Intervention: An 8-hour arthritis education programme delivered over four sessions, including two hours of joint protection education designed to be typical of current UK practice.

Main outcome measures: The Joint Protection Behaviour Assessment (JPBA), an observational assessment of hand joint protection methods used during kitchen activities, to measure adherence with education. Other assessments included a joint protection knowledge questionnaire, hand joint counts, hand pain visual analogue scale, the Health Assessment Questionnaire (HAQ) and HAQ Pain scale to identify any short-term changes in hand pain, pain on activity and functional status.

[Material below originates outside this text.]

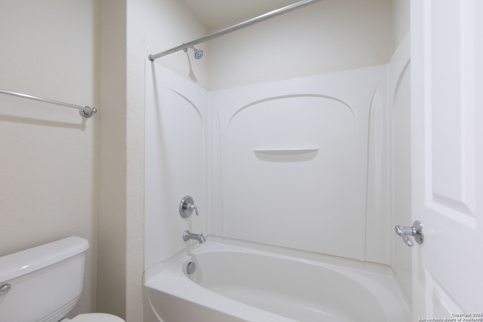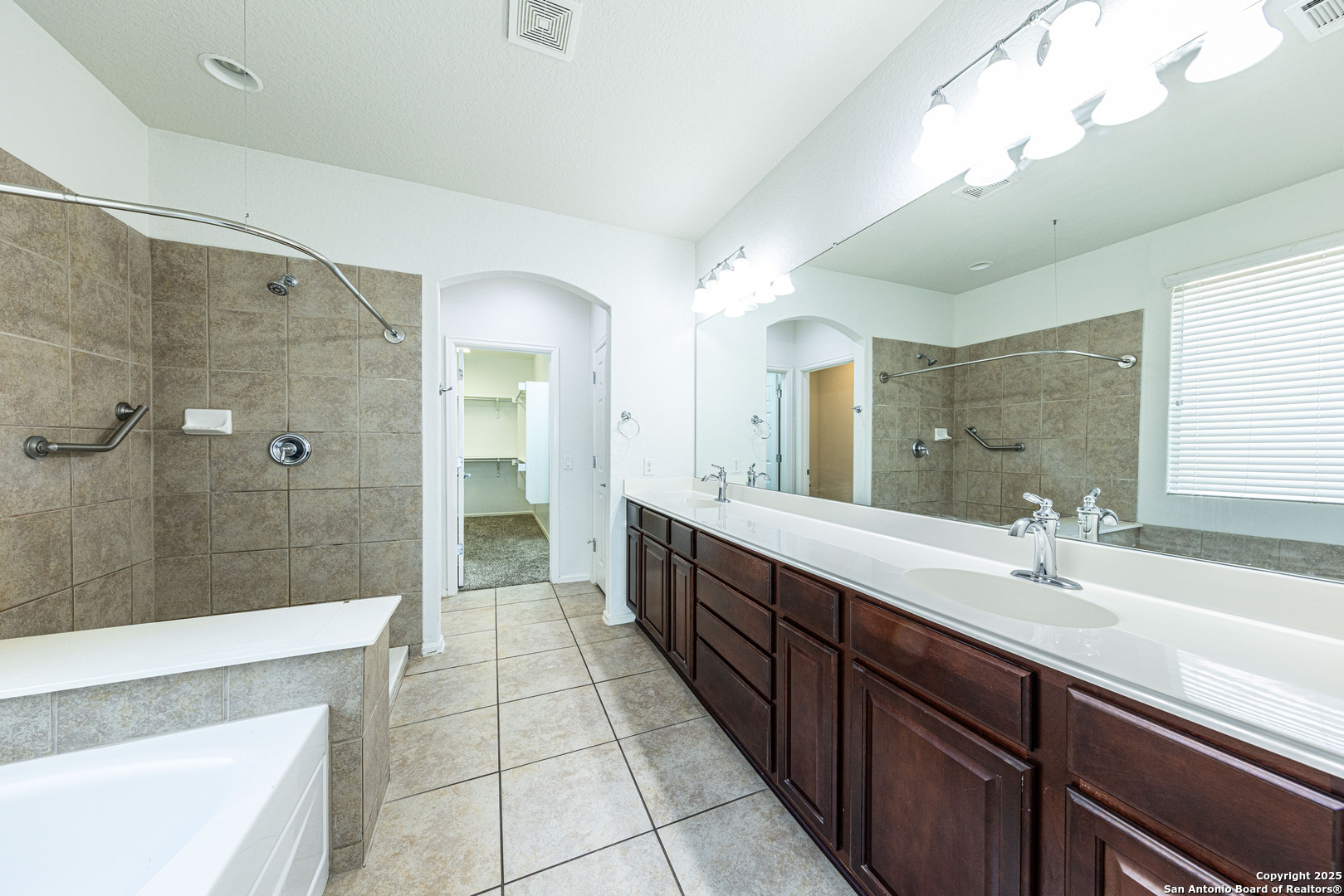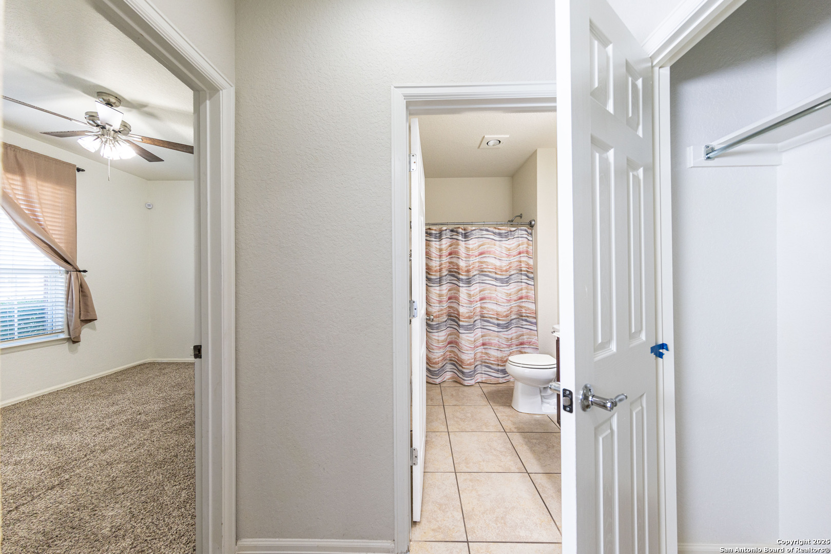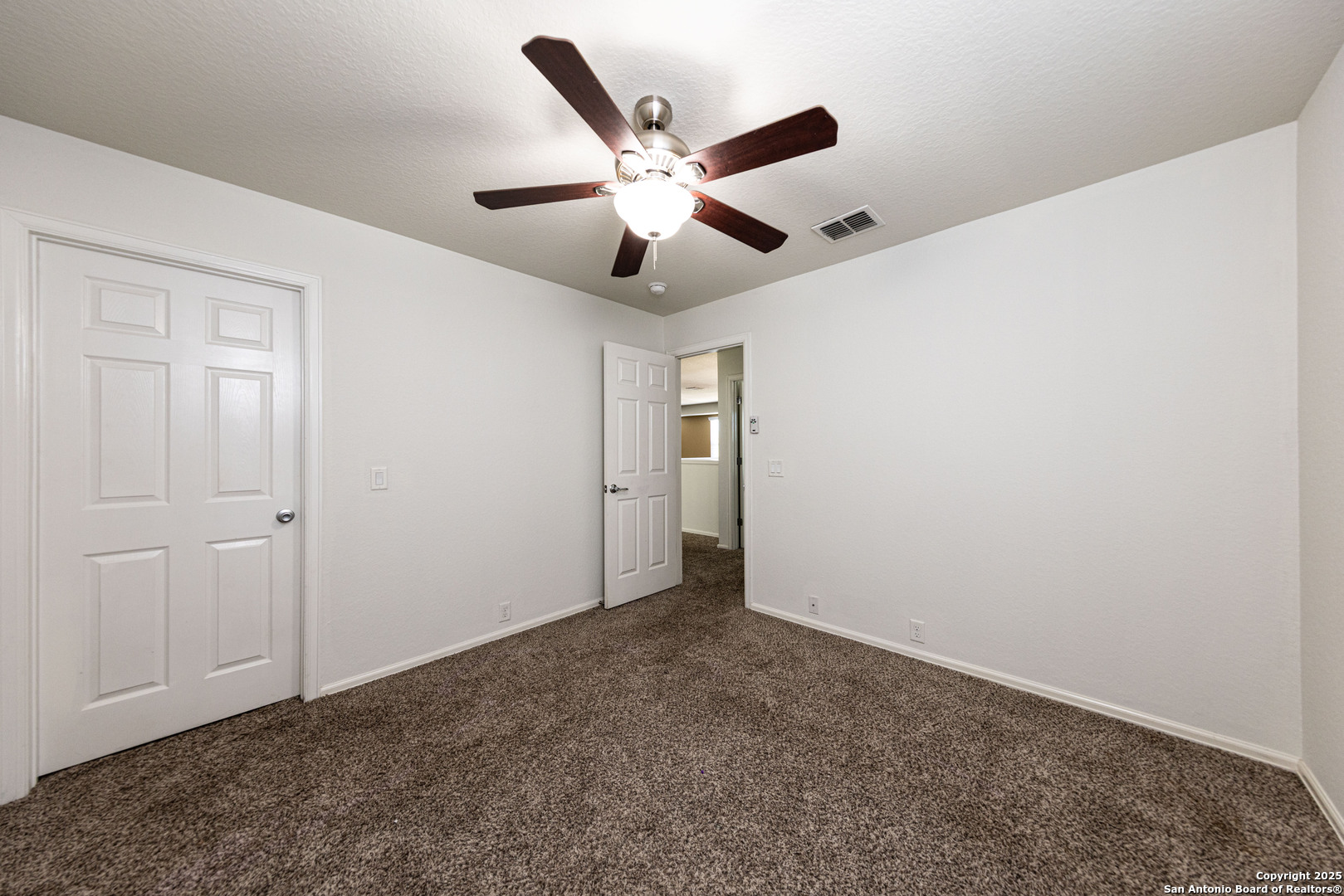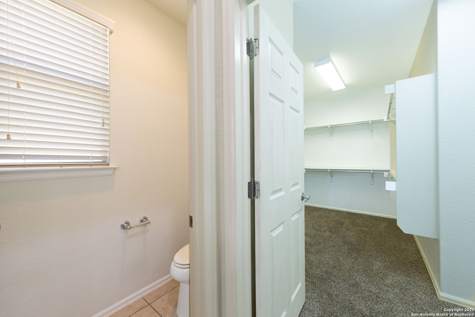 This 2,989 sq. ft. home offers a flexible floor plan with TWO bedroom suites with full bathrooms on the first floor, making the layout ideal for multi-generational living or added comfort and privacy for visiting guests. This is a spacious 5 bed, 3 bath home in Alamo Ranch with highly rated Northside ISD schools. Enjoy an open-concept living and kitchen space with tile flooring throughout and granite countertops, a large dine-in island, stainless steel appliances, GAS cooking, a large pantry and an additional breakfast nook that opens to your beautiful outdoor patio. The primary bedroom features laminate flooring for easy maintenance and is wheelchair accessible with a large shower with a low threshold and a massive walk-in closet. Additional spaces downstairs include an office nook off the kitchen, a spacious utility room with sink and extra storage and a partially finished garage with epoxy flooring, additional storage and a water softener. Upstairs, enter a large loft space ideal as an additional living space, game room or media room. 3 additional bedrooms upstairs feature plush carpet, blinds throughout and large closets for plenty of storage. You have even more storage with a large, finished section of the attic upstairs. Outside, enjoy serene outdoor living with a large, covered patio with ceiling fans, an extended deck with built-in seating and storage with a stunning mature oak tree that provides added shade and privacy. Plus, enjoy resort-like community amenities that are only a 2-minute drive away that include a pool, clubhouse, park, playground, sports courts, and trails. The home is also only minutes from shopping and dining at Alamo Ranch Marketplace and offers quick access to Loop 1604 for easy commutes to UTSA, the Medical Center, San Antonio Airport, downtown and more. An extra perk during summer nights is that you can enjoy the Six Flags fireworks in the distance right from your own home! This one-of-a-kind floor plan with two suites downstairs won't last long so be sure to schedule your tour today.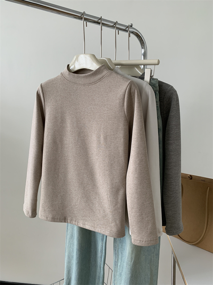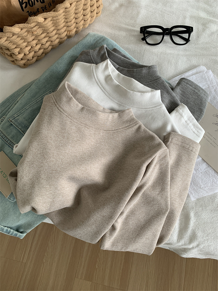 Главная страница > Толстый теплый маленький стоячий воротник шелковая шерстяная нижняя рубашка женская основа мягкая клейкая горячая футболка с длинными рукавами осенью и зимой

At the beginning and end of the study subjects were interviewed to obtain their self-report of joint protection behaviours and reasons for following or not following the advice given.

Results: Median JPBA scores did not improve pre- to posteducation (18.4% to 23.7%; p= 0.65) and neither did hand joint count, hand pain, HAQ and HAQ Pain scores. However, joint protection knowledge improved significantly (p = 0.01) and the majority of people believed joint protection to be a beneficial strategy. Reasons for not changing behaviour included problems recalling information; joint protection being considered inappropriate as ‘hands were not that bad yet’; lack of skill; and difficulties changing habits.

Conclusion: The joint protection education programme improved knowledge but not use of taught methods. Educational strategies being used by therapists need to be focused on enhancing adherence.